● **About this task**
For this listing, reproduce the line with "See why over", the line with "9月21日下午17点左右,窦", and the lines between, exactly as they stand. Leave out pictures and all other lines.

● **Source data**
══════════════════════════════

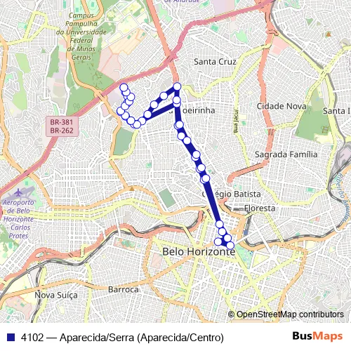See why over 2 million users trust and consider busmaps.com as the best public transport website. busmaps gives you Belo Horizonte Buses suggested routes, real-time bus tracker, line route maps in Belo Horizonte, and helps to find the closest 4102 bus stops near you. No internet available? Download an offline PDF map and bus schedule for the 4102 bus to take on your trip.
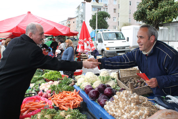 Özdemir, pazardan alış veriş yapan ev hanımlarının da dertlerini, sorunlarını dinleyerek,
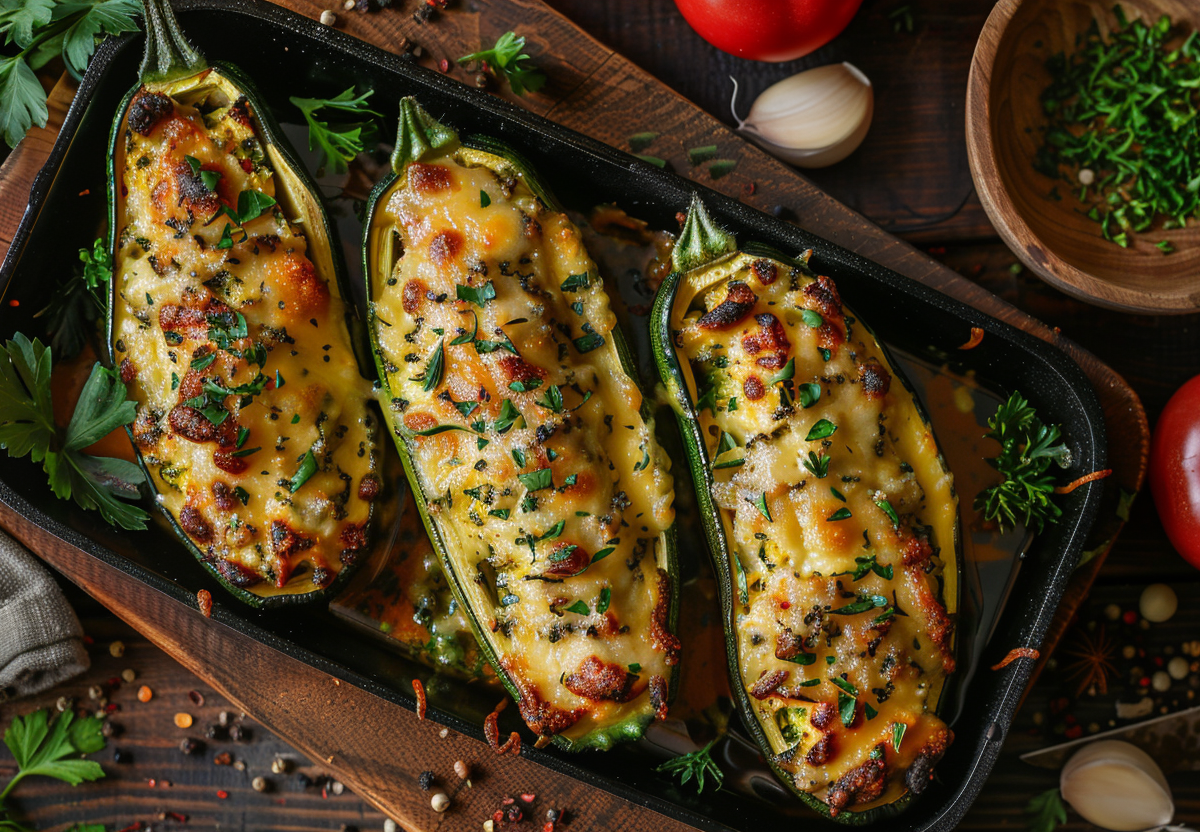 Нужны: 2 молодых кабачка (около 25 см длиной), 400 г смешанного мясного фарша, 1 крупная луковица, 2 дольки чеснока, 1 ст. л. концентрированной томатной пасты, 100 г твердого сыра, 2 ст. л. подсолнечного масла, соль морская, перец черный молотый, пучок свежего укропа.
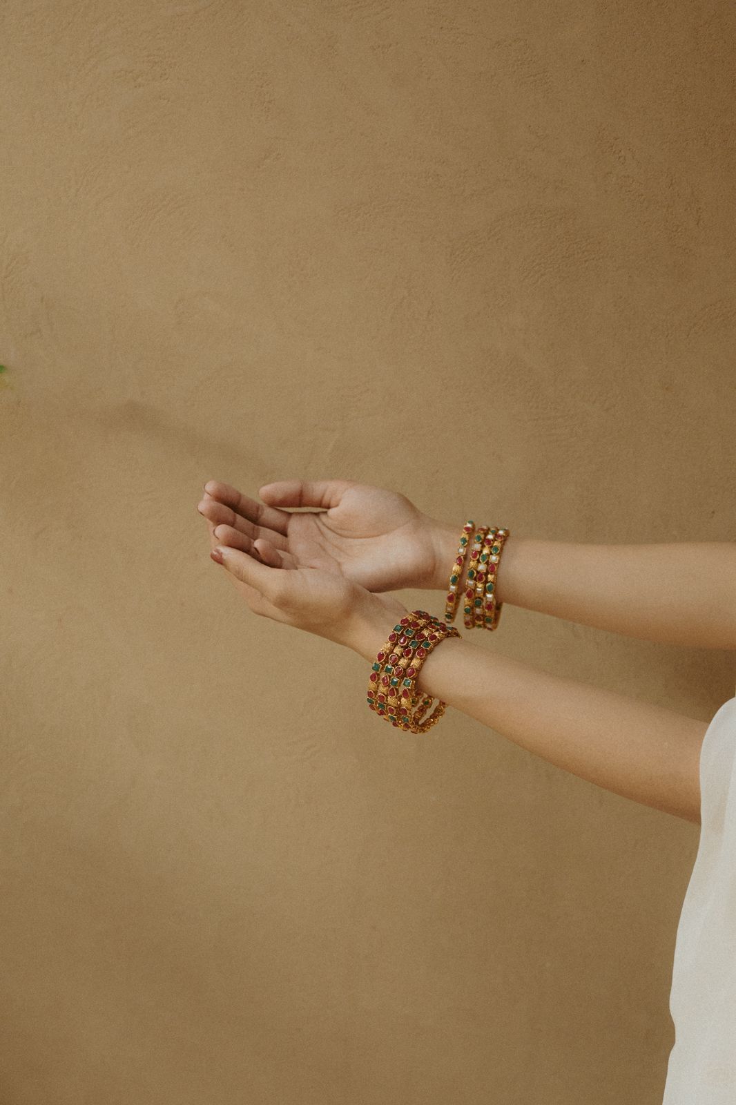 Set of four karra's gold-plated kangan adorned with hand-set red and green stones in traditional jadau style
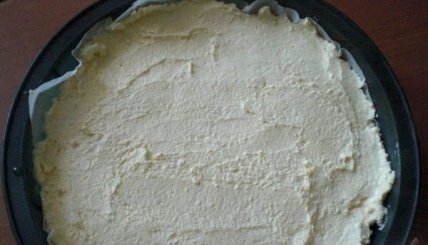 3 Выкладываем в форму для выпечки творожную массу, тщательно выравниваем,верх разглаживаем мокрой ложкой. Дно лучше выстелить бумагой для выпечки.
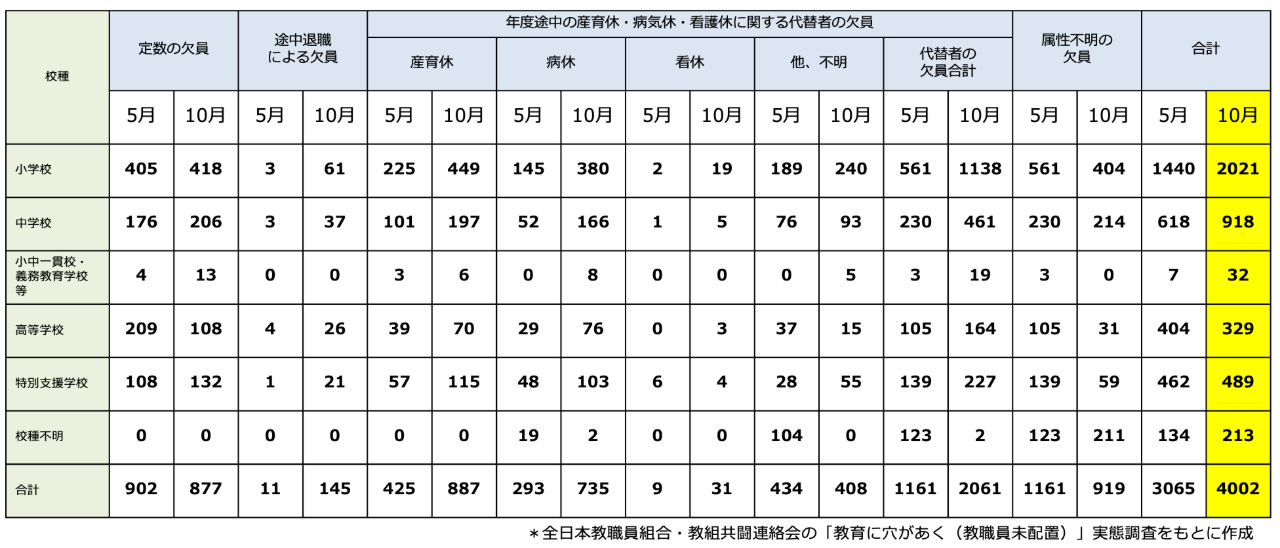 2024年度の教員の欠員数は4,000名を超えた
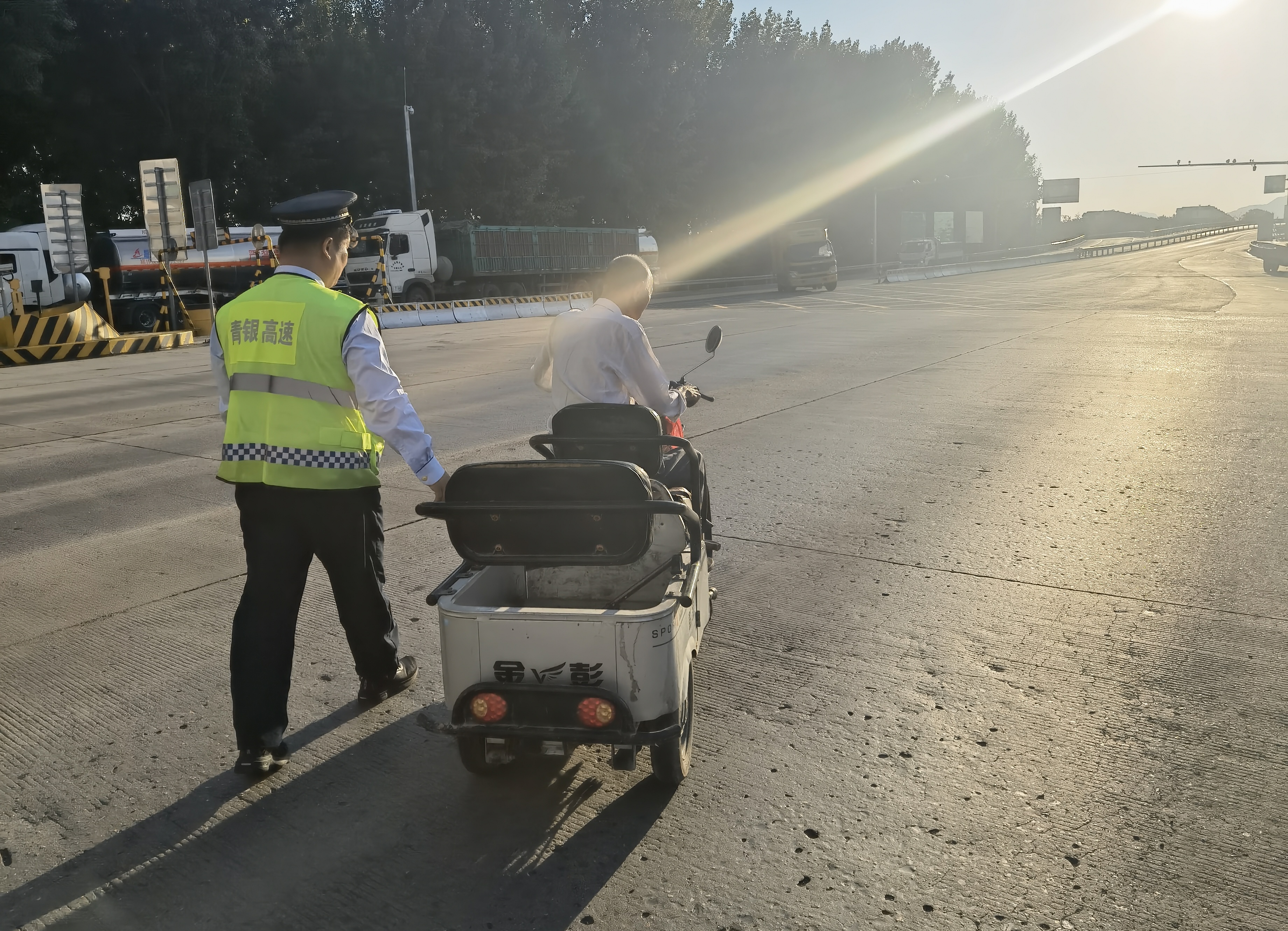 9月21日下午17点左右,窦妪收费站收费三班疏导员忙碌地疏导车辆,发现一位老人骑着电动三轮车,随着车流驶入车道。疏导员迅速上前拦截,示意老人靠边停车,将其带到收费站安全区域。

══════════════════════════════

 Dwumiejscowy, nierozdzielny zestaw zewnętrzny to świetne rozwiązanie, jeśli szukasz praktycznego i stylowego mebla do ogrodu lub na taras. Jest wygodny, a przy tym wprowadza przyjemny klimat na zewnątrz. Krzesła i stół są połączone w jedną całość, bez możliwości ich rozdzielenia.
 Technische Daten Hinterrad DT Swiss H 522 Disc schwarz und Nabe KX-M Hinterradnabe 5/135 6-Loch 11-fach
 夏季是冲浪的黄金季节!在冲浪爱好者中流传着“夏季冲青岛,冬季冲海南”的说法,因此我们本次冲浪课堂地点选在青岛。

══════════════════════════════

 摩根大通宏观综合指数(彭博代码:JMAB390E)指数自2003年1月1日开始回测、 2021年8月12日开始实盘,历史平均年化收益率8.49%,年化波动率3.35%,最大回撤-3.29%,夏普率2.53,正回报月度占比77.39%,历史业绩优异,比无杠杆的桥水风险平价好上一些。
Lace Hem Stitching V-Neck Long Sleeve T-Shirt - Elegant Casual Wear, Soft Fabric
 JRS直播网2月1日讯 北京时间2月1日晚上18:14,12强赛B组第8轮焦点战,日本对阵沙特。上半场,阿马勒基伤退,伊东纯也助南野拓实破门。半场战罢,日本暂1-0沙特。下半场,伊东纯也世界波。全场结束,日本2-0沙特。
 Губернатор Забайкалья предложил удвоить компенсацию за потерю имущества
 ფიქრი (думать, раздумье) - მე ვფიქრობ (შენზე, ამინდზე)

══════════════════════════════

● **Your response**
See why over 2 million users trust and consider busmaps.com as the best public transport website. busmaps gives you Belo Horizonte Buses suggested routes, real-time bus tracker, line route maps in Belo Horizonte, and helps to find the closest 4102 bus stops near you. No internet available? Download an offline PDF map and bus schedule for the 4102 bus to take on your trip.
 Özdemir, pazardan alış veriş yapan ev hanımlarının da dertlerini, sorunlarını dinleyerek,
 Нужны: 2 молодых кабачка (около 25 см длиной), 400 г смешанного мясного фарша, 1 крупная луковица, 2 дольки чеснока, 1 ст. л. концентрированной томатной пасты, 100 г твердого сыра, 2 ст. л. подсолнечного масла, соль морская, перец черный молотый, пучок свежего укропа.
 Set of four karra's gold-plated kangan adorned with hand-set red and green stones in traditional jadau style
 3 Выкладываем в форму для выпечки творожную массу, тщательно выравниваем,верх разглаживаем мокрой ложкой. Дно лучше выстелить бумагой для выпечки.
 2024年度の教員の欠員数は4,000名を超えた
 9月21日下午17点左右,窦妪收费站收费三班疏导员忙碌地疏导车辆,发现一位老人骑着电动三轮车,随着车流驶入车道。疏导员迅速上前拦截,示意老人靠边停车,将其带到收费站安全区域。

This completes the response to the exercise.